__Data records__.
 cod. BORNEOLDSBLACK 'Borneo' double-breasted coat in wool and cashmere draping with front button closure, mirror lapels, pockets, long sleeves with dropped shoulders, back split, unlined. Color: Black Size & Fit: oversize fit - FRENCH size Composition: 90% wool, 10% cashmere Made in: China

--

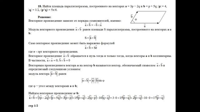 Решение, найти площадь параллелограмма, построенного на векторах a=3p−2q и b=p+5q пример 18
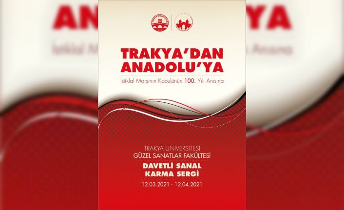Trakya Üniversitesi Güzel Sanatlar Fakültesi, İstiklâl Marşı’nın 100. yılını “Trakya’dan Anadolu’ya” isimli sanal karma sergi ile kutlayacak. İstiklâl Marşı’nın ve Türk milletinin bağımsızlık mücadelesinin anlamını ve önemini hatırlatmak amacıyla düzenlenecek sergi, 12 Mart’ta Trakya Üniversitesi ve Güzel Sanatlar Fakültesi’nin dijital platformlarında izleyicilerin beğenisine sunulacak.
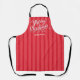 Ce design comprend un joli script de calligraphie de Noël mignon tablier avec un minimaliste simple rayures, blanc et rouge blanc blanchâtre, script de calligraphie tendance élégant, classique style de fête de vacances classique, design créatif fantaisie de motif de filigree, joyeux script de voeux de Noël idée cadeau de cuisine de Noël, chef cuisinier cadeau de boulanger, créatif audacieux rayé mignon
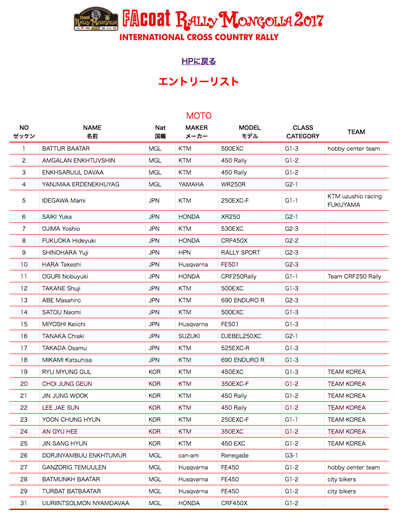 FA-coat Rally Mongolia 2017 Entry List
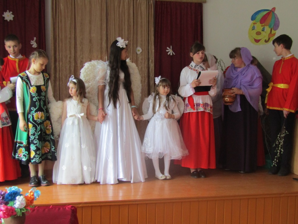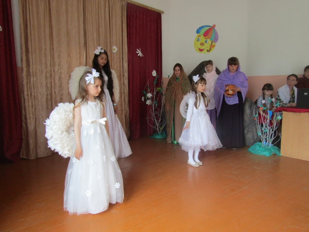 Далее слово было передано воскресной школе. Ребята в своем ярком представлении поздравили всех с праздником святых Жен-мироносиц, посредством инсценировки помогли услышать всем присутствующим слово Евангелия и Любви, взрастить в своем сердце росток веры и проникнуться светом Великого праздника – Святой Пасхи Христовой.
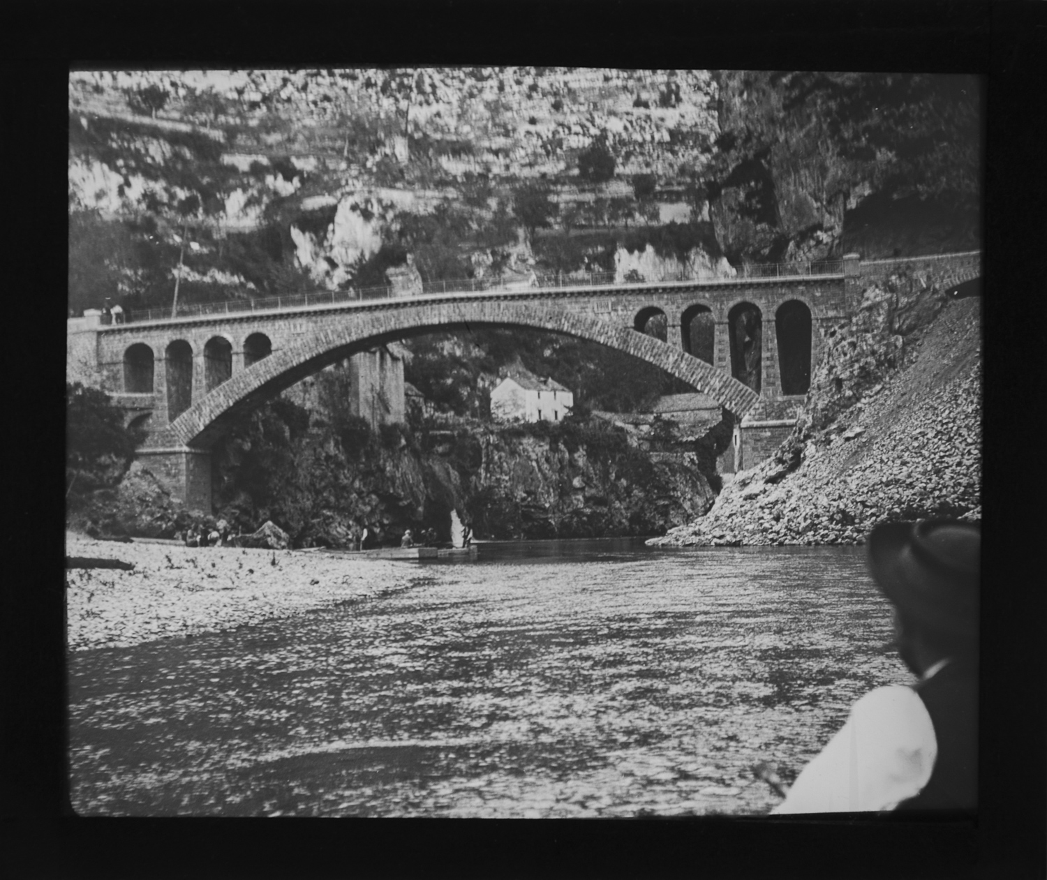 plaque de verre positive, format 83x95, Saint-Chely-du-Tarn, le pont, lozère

---

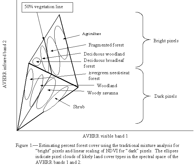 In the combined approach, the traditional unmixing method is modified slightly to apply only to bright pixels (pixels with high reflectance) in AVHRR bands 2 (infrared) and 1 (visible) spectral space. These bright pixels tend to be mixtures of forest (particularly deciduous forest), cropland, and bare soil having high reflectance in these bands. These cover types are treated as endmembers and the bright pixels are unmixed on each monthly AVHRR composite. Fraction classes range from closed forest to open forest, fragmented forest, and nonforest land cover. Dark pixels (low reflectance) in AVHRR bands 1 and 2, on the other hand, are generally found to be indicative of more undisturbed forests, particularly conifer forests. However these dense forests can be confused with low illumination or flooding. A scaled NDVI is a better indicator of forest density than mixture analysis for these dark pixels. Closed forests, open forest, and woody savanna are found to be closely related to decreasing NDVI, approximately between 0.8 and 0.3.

__Exercise description__. A clean copy is needed of the lines above from the one with "FA-coat Rally Mongolia 2017 Entry List" up to and including the one with "plaque de verre". Please set it down exactly, with no pictures.

__Worked solution__.
 FA-coat Rally Mongolia 2017 Entry List
 Далее слово было передано воскресной школе. Ребята в своем ярком представлении поздравили всех с праздником святых Жен-мироносиц, посредством инсценировки помогли услышать всем присутствующим слово Евангелия и Любви, взрастить в своем сердце росток веры и проникнуться светом Великого праздника – Святой Пасхи Христовой.
 plaque de verre positive, format 83x95, Saint-Chely-du-Tarn, le pont, lozère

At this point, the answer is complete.